The Spell
Page 28
“Anyone home?” she asked, tapping on the front door of the treehouse.
“I’m in the kitchen,” Alex called back. Ellabell had ordered him to bake some cookies for Agatha, while she went to visit Hadrian up at the school. It was a focusing task in itself, but a fun one that meant everyone got to eat something delicious.
“Ellabell got you making cookies again?” Ceres said, amused, as she walked into the small kitchen area that Hadrian had installed.
Alex grinned. “She thinks it keeps my mind steady, going through the recipe, measuring things out. What she doesn’t know is, I just like to lick the bowl,” he chuckled.
“I hope you don’t do that before you’ve spooned the mixture out,” Ceres teased.
“With everything you people keep feeding me, I don’t need to,” he remarked, patting his stomach. “What brings you to this neck of the woods?”
“News that you’ll be pleased to hear,” she said, taking a seat on one of the high stools that sat by the kitchen door.
Alex turned to her, raising an eyebrow. “Oh?”
“I have decided to test whether your recovery is complete,” she said, smiling kindly.
Alex frowned. “Sounds painful.”
“Not painful, it just requires focus,” she said, chuckling softly. "Now, I’m going to place my hand on your chest, and I want you to reach inside, to find your soul, and let it rise to meet my palm. Focus your mind, and it should come easily,” she encouraged.
He did as she’d asked, closing his eyes as he felt her palm on his chest. Once upon a time, such a task would have been simple, but now it was a real strain to seek out the pulsing coil of his essence and coax it into action. Reaching it, he focused hard on lifting it, feeling as the tendrils twisted up through his ribs, pushing toward the hand pressed just above.
“And, relax,” said Ceres.
Alex smiled nervously as he felt his essence descend back into the depths of his body. “How did I do?” he asked.
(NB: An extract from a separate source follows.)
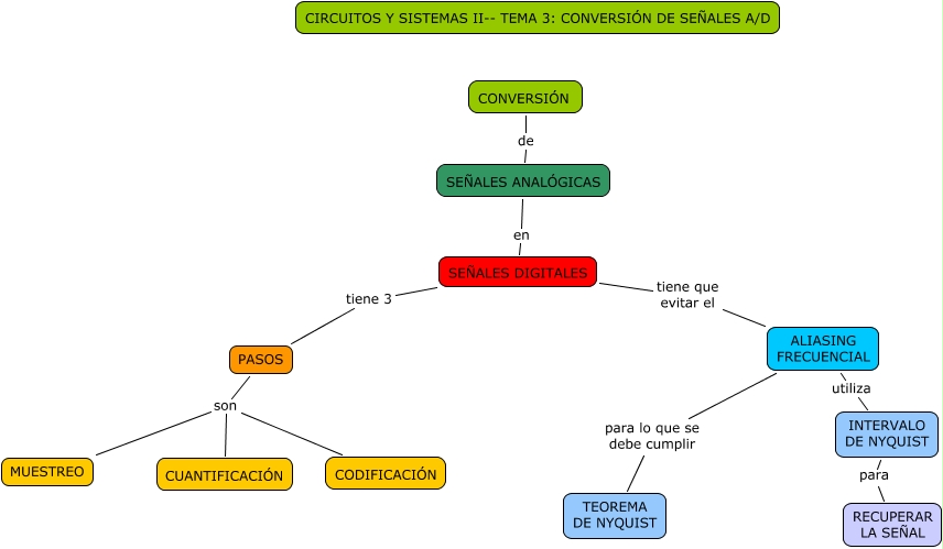 Este Cmap, tiene información relacionada con: Tema 3 Conversión analógico-digital, PASOS son CUANTIFICACIÓN, ALIASING FRECUENCIAL para lo que se debe cumplir TEOREMA DE NYQUIST, PASOS son CODIFICACIÓN, SEÑALES DIGITALES tiene 3 PASOS, CONVERSIÓN de SEÑALES ANALÓGICAS, ALIASING FRECUENCIAL utiliza INTERVALO DE NYQUIST, PASOS son MUESTREO, SEÑALES ANALÓGICAS en SEÑALES DIGITALES, SEÑALES DIGITALES tiene que evitar el ALIASING FRECUENCIAL, INTERVALO DE NYQUIST para RECUPERAR LA SEÑAL

“You’re done,” she replied, grinning. “There’s nothing more we can do for you. You have your strength back, your mind is as focused as it’s ever going to be, and the little pieces that were broken have been tied off, as it were. Demeter and I have been discussing it, and we think you’re ready to go home. That test proved it.”
The spoon in Alex’s hand clattered into the bowl, splashing unfinished cookie mixture up the sides. Without a word, he reached out and pulled Ceres into a tight embrace, his shoulders shaking from happy laughter. She laughed too, the sound infectious, as she patted him on the back. It was a well-known fact that she wasn’t exactly a hugger, but it was evident she was making an exception for Alex.
“I’m really good to go?” he asked, pulling away.
She nodded. “You’re really good to go.”
When Ellabell returned, he told her the good news, scooping her up into his arms and spinning her around, both of them whooping with excitement as they danced around the kitchen, eating half of the cookies that had been intended for Agatha. It had been a long time coming, and both of them were eager to return home.
“What will you do when you get home?” Alex asked, once they had come down from cloud nine.
Ellabell shrugged. “Depends who’s there when I get there,” she said sadly. “My parents probably won’t be home, with how much they work. My neighbors, if they still live there, might be happy to see me, though.”
“You only saw your parents every few weeks, right?” Alex asked, remembering the stories she had told him of her lonely childhood, in the many long conversations they’d had together.
“Yeah, I was the ultimate latchkey kid,” she said with a tight smile.
“Perhaps things will change, seeing as you’ve been gone so long?” Alex encouraged, putting his arm around her.
“Perhaps… but I think it might be too little, too late,” she sighed. “I just want to see them to let them know I’m okay, and then I’ll leave again. If they’d been home, Finder never would have kidnapped me.”
“But if he hadn’t, you’d never have met me,” Alex teased, wanting to coax a smile back to her face.
“Every cloud, eh?” she murmured, giving him a playful shove in the ribs.
The following afternoon, Ellabell and Alex met with Natalie on the front lawn of Spellshadow Manor. They had sent had a message through to her the day before, explaining what had happened, and she had sent one back, asking if she could come with them.
She looked sleek and sophisticated, dressed in silver trousers and a white t-shirt, her black hair slicked back into a high ponytail. Whatever she had been doing at Stillwater, it agreed with her. She looked happy and healthy, a big smile on her face.
“I suppose we should do this at last,” she said as the duo approached, gesturing toward the wide-open gates.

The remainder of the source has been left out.